Another example involved the chemical manufacturer Orion, where an employee was tricked by attackers posing as an internal authority to authorize a series of wire transfers totaling $60 million. In this case, there was no evidence of any external system compromise, which created greater confusion on whether this was perpetrated by an employee or an outsider. 

Even when the latter is ultimately found to be the cause, there may be a period when employees and even executives are questioned, which can erode trust and disrupt careers. In some cases, the aftereffects may reach all the way to boards or shareholders who may lose confidence in leadership. 

How attackers manufacture doubt

The reason these schemes are so disorienting isn’t just how real they look, it’s how they mimic trusted internal behavior so effectively that they blur the line between insider and outsider. Some key elements  include:

It begins on the outside: Most of these attacks originate outside company systems — from a compromised vendor, hijacked partner account or stolen executive credentials. Once attackers gain that foothold, every message they send arrives through legitimate-looking channels, tricking recipients and investigators alike into believing the threat started inside the organization.

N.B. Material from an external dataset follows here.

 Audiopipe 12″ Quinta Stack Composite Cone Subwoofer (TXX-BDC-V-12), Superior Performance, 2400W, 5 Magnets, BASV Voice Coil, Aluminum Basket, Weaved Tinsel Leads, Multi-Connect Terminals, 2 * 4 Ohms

It impersonates authority: Deepfake audio, AI-crafted emails, or synthetic videos of a trusted leader carry enormous influence. In one reported case, criminals used a cloned CEO’s voice to persuade an employee to transfer $243,000. This incident looked at first like an internal lapse in judgment rather than an external attack. 

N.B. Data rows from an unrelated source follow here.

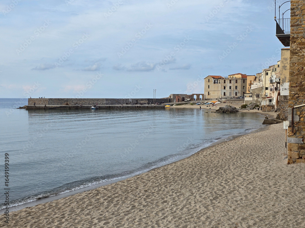Obraz na płótnie Canvas - Sandy Beach with Stone Breakwater and Coastal Buildings.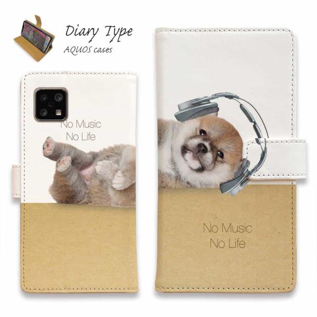 AQUOS sense10 アクオス センス10 スマホケース 手帳型 マグネット カード収納 AQUOS sense9 sense8 R9 R8 Pro wish4 wish3 sense7 plus ケース sense6 sense4 アクオス ケース 犬 イヌ 用品 雑貨 柴子犬だってNo Music No Life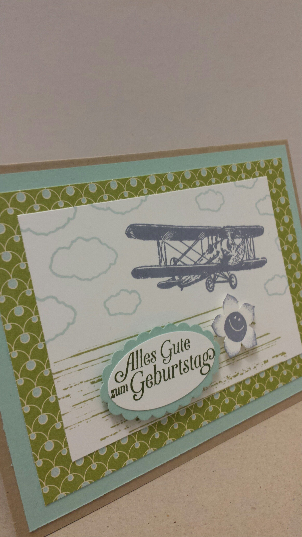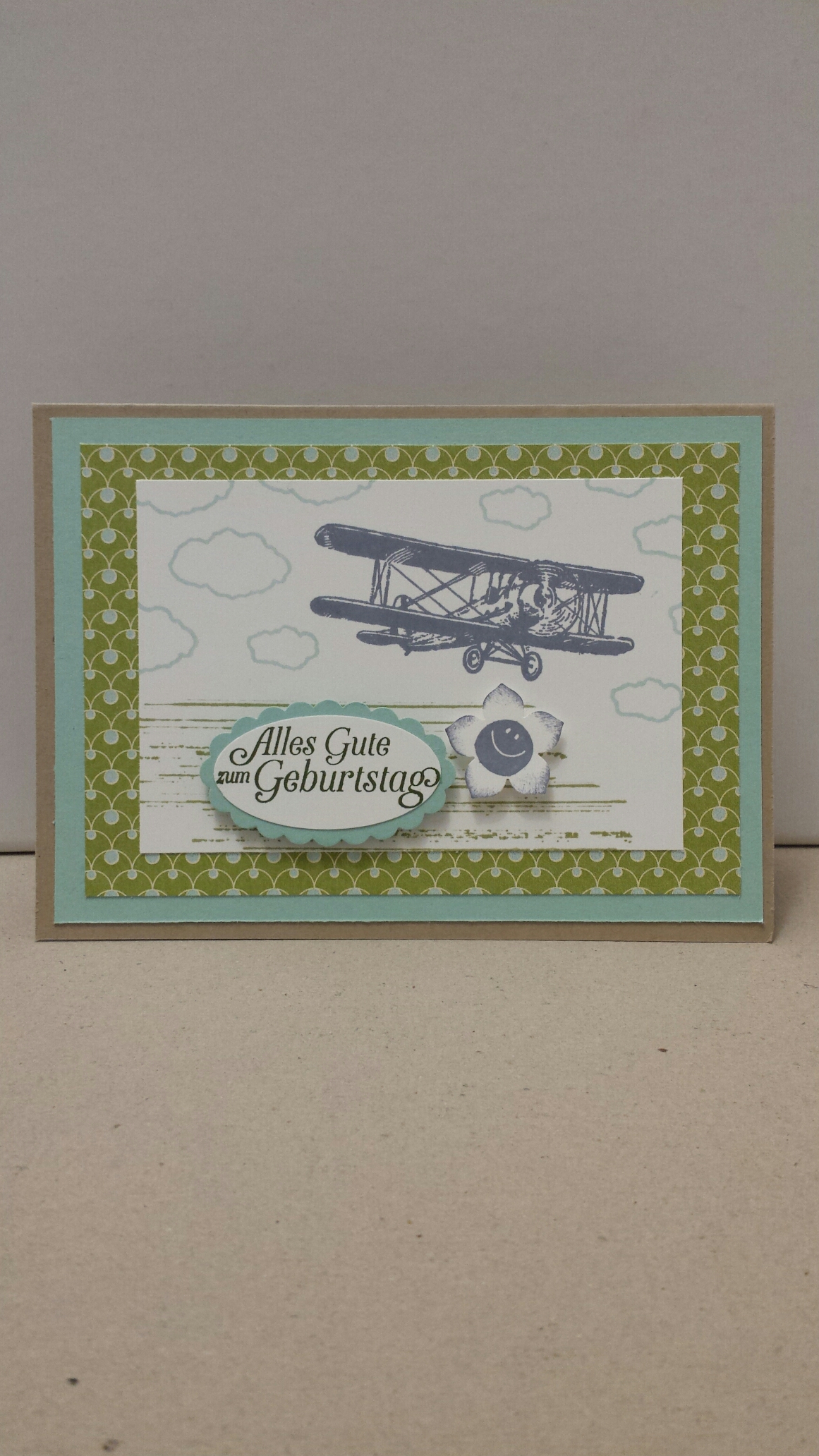 Eigentlich wollte ich die Karte nur mit dem Stempelset „Hoch hinaus“ gestalten. Ich finde das Flugzeug als Motiv interessant. Allerdings kam mir die Karte etwas kahl vor. Deshalb nahm ich noch einen Hintergrundstempel aus dem Stempelset „Gorgeous Grunge“ und den Smilie aus den Stempelset „Hallo“. Ich liebe diesen Smilie, aber das habt ihr bestimmt schon gemerkt ;).

It’s timed and contextual: Requests are rarely random. Attackers time them to coincide with actual projects, vendor interactions, or in line with the company’s regular payment cycles. Whether the manipulation is human or AI-driven, the pattern looks the same from the outside: normal operations masking deception.

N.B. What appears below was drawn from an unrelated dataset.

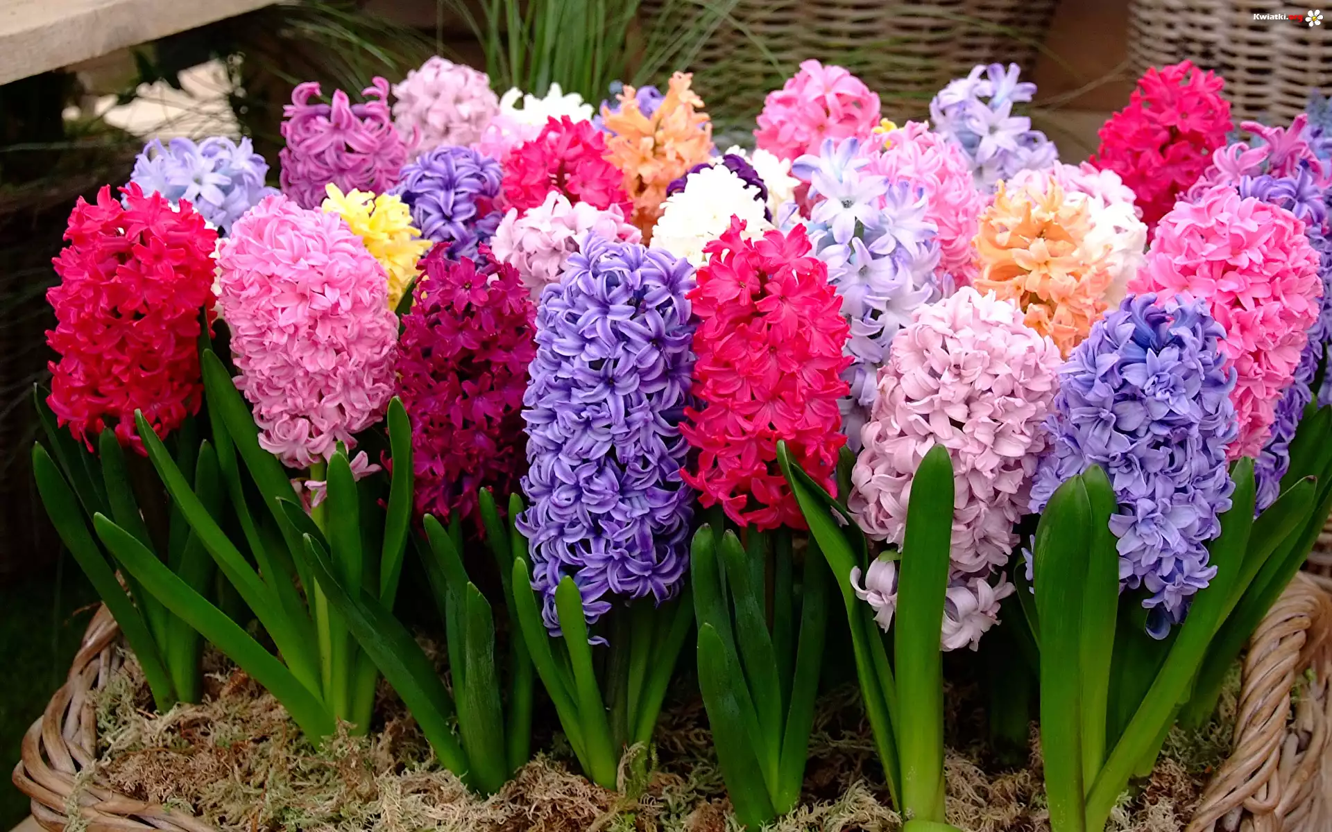 Kwiaty, Kolorowe, Hiacynty, Kosz, Deski - Zdjęcia

It leaves no breadcrumbs: These incidents often show no signs of intrusion. The logs are clean, malware is absent and the emails, voices or videos look legitimate. Further complicating matters, after the money moves, attackers tear down their infrastructure, including look-alike domains, disposable mail servers and cloud assets to erase DNS trails, IPs and header artifacts. The result is a forensic vacuum that points investigators inward and fuels insider threat suspicion, even though the operation was orchestrated entirely from the outside.

The human cost, and the way forward

When an attack blurs the line between insider and outsider, the confusion doesn’t stop at the incident itself, it spreads through the organization. Finance questions IT. Leadership questions employees. Boards question leadership. Even after the truth surfaces, the doubt lingers.

That’s the real damage of insider threat confusion: it doesn’t just steal money, it erodes confidence, relationships and judgment.

Solving it doesn’t mean adding more awareness training or isolated controls. It means giving teams a shared view of reality. When finance, vendor management and security teams can see the same context — who made a request, from where and how it aligns with normal behavior — they can tell whether a threat came from inside or out.

That visibility restores trust. It turns finger-pointing into collaboration and lets organizations respond decisively, before uncertainty does more harm than the attack itself.